Information Minister Michael Makuei told a World Press Freedom Day audience South Sudan is the only country in the world where journalists have not been taken to court for what he called 'false reporting.'
Information Minister Michael Makuei told a World Press Freedom Day audience South Sudan is the only country in the world where journalists have not been taken to court for what he called 'false reporting.'

South Sudan’s Information Minister Michael Makuei on Monday warned journalists that the government will take them to court and jail them if they make mistakes in their reporting.

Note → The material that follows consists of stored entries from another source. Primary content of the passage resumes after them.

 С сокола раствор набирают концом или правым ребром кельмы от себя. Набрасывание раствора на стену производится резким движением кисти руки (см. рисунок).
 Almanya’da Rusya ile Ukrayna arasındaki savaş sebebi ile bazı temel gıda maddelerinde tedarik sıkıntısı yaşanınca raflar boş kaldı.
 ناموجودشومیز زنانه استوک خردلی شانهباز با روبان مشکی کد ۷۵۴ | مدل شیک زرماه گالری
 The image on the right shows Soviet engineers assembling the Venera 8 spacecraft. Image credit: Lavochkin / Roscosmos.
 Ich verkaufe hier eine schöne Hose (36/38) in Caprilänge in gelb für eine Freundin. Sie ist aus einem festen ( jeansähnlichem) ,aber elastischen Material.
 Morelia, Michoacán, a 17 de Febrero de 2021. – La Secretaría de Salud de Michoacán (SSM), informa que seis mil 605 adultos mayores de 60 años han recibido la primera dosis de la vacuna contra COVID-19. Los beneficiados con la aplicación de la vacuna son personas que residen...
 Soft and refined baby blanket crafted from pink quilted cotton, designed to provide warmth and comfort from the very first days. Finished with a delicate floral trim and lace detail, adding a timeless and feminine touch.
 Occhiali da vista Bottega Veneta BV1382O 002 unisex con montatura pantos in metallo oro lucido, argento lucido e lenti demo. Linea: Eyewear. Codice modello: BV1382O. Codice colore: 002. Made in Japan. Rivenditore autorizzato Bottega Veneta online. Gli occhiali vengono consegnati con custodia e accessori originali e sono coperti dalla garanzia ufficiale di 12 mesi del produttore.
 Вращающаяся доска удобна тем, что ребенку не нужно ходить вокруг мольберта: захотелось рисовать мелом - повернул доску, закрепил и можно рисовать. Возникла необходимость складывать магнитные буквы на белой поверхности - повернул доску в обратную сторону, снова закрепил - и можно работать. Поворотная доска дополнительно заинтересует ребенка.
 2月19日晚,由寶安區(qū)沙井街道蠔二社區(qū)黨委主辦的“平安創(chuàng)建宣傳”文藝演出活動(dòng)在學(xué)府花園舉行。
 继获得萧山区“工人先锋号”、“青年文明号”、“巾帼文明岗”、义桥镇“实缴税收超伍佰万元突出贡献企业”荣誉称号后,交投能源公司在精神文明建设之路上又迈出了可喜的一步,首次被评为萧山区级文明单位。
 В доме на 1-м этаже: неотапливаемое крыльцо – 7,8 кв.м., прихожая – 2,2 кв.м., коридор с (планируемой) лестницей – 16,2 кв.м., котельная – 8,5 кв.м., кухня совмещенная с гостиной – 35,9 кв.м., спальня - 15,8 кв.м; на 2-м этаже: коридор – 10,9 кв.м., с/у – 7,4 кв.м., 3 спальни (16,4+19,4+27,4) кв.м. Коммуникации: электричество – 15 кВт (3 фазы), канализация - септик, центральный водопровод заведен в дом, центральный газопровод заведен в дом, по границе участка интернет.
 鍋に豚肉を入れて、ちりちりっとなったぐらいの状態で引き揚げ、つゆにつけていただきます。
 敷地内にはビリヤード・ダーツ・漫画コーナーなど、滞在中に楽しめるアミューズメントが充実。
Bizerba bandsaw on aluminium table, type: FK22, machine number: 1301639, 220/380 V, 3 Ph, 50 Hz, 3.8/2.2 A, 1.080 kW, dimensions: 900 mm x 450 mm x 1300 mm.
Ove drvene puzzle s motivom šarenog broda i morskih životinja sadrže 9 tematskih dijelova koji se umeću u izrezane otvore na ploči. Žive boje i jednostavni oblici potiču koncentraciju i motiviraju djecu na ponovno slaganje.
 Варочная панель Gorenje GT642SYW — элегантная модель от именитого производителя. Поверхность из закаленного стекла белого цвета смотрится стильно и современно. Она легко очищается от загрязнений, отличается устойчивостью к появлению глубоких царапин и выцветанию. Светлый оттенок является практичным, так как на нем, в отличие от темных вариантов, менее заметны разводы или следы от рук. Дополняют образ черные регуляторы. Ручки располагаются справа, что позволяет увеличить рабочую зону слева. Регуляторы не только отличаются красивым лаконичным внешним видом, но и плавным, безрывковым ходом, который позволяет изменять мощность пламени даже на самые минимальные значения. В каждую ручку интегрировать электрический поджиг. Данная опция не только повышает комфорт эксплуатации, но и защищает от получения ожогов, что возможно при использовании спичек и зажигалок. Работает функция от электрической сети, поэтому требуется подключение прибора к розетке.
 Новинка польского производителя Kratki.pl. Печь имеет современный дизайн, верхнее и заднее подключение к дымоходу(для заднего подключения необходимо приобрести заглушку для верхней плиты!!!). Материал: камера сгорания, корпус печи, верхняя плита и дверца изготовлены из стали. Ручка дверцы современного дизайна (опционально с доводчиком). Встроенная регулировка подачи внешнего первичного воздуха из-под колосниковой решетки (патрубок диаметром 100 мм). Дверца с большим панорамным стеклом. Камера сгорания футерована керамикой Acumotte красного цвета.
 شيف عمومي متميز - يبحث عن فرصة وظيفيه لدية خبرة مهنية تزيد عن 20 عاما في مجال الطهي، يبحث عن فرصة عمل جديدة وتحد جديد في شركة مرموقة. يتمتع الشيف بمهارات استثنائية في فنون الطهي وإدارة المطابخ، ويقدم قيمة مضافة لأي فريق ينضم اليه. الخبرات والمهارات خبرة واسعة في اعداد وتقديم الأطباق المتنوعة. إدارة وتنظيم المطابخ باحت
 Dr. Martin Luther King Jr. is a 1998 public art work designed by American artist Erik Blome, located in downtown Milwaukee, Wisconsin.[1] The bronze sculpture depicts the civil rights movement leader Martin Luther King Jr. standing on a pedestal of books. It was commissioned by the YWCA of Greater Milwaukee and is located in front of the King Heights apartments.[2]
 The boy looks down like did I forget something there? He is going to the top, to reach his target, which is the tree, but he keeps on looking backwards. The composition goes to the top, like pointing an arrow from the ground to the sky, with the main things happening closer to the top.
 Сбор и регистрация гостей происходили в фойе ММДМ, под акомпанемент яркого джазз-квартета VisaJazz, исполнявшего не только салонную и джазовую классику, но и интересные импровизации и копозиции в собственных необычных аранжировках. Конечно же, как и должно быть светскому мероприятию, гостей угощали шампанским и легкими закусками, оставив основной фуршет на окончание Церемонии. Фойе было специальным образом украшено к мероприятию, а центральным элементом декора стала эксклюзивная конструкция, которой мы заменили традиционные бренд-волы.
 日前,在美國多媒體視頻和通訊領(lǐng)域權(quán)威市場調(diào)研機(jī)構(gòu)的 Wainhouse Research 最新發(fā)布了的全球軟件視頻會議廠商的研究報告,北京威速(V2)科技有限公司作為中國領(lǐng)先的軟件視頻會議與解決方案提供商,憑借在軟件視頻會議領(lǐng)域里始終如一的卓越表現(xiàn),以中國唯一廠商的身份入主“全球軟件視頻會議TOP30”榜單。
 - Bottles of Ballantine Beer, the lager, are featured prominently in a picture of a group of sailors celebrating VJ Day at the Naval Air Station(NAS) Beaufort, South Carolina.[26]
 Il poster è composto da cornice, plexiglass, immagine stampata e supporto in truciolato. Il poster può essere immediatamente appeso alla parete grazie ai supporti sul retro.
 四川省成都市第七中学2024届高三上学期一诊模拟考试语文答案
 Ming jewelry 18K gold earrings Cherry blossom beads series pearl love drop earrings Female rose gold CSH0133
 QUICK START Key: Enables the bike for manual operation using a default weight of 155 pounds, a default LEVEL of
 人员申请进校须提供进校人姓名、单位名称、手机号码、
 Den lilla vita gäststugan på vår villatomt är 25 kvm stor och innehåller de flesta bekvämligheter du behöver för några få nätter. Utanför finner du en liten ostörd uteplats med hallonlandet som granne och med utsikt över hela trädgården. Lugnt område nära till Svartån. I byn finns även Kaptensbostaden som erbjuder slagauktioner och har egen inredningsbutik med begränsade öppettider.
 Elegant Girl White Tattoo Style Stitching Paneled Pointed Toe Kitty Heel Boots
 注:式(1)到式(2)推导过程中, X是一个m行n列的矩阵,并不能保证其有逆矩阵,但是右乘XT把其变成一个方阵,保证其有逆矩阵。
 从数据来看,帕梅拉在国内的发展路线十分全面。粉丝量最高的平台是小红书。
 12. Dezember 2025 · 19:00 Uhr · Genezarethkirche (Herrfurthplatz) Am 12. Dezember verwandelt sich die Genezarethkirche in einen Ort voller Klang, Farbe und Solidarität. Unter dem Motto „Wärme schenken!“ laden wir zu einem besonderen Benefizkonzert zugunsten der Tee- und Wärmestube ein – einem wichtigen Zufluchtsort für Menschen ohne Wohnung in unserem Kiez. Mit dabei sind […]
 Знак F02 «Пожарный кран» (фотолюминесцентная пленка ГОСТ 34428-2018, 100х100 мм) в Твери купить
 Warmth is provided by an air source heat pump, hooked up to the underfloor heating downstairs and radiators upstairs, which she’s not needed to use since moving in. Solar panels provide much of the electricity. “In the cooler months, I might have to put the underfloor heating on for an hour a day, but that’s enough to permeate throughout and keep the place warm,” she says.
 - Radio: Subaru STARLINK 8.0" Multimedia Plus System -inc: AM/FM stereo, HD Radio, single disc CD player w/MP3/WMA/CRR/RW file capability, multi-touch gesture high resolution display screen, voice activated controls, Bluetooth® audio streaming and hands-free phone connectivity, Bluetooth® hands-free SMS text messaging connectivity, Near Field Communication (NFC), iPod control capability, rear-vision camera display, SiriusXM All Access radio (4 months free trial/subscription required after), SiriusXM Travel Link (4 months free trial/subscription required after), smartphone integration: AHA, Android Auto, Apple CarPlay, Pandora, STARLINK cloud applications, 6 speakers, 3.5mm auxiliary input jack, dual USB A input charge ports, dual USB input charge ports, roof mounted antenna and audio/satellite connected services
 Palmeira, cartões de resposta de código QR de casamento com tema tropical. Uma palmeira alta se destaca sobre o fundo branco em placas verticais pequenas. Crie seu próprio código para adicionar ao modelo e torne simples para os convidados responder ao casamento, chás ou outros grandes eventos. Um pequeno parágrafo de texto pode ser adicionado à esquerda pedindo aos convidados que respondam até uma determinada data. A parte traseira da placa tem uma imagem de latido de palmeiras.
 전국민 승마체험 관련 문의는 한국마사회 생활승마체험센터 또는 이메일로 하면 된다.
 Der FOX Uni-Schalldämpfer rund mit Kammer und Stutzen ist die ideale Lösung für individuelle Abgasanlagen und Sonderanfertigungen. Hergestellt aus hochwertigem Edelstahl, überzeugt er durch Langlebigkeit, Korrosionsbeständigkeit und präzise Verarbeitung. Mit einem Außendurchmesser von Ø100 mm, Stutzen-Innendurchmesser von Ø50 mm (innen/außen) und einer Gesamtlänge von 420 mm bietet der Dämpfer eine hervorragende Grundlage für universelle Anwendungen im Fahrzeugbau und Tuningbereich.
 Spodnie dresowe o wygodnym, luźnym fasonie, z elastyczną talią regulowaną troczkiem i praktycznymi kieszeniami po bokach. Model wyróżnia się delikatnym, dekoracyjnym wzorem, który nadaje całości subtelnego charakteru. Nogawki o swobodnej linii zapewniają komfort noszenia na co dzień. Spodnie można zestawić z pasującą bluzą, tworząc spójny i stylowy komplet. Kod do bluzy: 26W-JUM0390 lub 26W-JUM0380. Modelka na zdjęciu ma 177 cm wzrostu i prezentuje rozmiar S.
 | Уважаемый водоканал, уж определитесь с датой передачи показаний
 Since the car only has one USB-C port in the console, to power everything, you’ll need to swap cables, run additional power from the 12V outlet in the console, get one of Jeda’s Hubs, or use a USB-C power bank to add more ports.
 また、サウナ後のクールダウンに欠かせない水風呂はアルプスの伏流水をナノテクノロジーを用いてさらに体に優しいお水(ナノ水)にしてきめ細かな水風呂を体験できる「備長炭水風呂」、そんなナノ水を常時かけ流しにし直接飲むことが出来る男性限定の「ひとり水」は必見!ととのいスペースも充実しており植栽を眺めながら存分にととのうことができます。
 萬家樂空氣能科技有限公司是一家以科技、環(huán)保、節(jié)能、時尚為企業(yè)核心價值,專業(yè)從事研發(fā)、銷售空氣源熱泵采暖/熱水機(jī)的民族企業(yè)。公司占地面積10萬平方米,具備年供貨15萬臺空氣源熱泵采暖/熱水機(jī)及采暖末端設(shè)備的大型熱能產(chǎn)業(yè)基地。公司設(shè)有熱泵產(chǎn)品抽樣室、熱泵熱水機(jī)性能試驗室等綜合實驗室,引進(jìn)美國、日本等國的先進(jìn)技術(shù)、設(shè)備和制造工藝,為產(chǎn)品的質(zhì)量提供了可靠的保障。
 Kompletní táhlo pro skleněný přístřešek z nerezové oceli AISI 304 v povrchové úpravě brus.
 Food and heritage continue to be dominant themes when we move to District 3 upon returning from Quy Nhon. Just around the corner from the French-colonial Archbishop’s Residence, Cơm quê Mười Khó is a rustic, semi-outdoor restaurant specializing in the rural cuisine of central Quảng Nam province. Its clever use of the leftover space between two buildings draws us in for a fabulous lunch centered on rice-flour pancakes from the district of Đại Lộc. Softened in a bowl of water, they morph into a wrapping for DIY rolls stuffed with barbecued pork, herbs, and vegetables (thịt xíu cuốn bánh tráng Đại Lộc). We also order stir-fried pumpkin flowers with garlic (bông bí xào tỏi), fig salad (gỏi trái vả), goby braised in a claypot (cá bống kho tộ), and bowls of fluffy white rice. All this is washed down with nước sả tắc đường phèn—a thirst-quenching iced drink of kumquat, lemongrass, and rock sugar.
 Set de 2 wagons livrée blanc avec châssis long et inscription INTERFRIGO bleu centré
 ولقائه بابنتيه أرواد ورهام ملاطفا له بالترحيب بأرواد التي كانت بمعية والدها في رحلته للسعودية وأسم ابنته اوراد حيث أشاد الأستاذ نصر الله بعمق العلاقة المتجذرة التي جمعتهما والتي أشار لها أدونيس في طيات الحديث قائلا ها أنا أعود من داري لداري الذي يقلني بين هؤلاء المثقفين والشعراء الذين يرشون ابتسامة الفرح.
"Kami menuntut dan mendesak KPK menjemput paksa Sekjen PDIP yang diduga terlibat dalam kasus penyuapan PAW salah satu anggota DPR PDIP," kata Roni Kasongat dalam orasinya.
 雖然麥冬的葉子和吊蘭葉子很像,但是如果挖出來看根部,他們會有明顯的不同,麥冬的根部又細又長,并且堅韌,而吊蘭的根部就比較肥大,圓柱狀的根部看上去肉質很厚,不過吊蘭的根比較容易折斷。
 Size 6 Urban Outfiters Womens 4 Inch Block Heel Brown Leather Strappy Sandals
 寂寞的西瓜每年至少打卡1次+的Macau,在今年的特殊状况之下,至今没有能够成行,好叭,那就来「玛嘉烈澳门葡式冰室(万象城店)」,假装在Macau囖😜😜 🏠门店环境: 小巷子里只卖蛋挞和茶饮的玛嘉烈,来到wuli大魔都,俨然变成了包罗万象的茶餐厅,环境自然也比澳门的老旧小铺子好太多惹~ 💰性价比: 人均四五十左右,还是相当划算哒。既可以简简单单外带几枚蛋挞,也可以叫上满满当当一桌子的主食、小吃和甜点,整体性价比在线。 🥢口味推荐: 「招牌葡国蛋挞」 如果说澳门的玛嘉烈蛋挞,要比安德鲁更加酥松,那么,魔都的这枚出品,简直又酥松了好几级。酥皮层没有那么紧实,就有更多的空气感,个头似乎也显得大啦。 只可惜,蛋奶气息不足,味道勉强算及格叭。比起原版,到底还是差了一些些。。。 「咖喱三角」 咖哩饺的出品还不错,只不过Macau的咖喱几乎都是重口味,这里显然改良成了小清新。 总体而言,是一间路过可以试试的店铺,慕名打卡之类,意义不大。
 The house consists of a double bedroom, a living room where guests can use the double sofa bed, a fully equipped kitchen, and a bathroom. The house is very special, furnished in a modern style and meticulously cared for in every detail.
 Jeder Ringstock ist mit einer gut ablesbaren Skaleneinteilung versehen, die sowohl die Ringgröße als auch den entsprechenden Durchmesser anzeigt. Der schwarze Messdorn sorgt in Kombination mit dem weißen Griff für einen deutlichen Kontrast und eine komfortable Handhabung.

"Up to now, we have not taken any journalist to court but we will do so," Makuei said at an event marking World Press Freedom Day. "We do so because they are being taken to the court all over the world. It is only in South Sudan where we have not taken anybody up to now."

The safety of journalists and freedom of expression were two of the focuses of World Press Freedom Day in South Sudan. The international day was proclaimed by the U.N. General Assembly in 1993 in response to a declaration signed by African journalists at a conference in Namibia two years earlier, calling for a free, independent, pluralistic media worldwide.

Government censorship

Media outlets in South Sudan say government security agents regularly censor the media and intimidate reporters.

The chair of the South Sudan’s Editors’ Forum, Koang Pal, said journalists would prefer defending themselves in court to the harassment and detention they have to endure now.

"We want him to take us to court," Pal said, referring to Makuei. "We are not afraid. If we step on the toes of others, as he always says, let us go to court and let the law judge us.”

Makuei last year warned journalists not to broadcast or publish interviews with rebel leaders inside South Sudan, saying it would constitute "subversive activity" and put the journalist on the wrong side of the law. He told VOA at the time, "If you step on the toes of others, you are in violation of the law. The toes of others here include the state. The state is a person."

Makuei said the government feels some journalists are not abiding by their profession’s code of ethics. Journalists argue that those ethics include reporting both sides of a story, which would involve speaking with the armed opposition in South Sudan's 17-month-old conflict. But many newspapers have had their print runs confiscated, and radio stations have been silenced because a story has fallen afoul of the government -- usually because it included the rebels' side.

South Sudan fell six places in this year’s World Press Freedom Index, to 125th out of 180 nations. Reporters without Borders, which released the Index in February, says media freedom in South Sudan was "suspended" when fighting broke out in December 2013.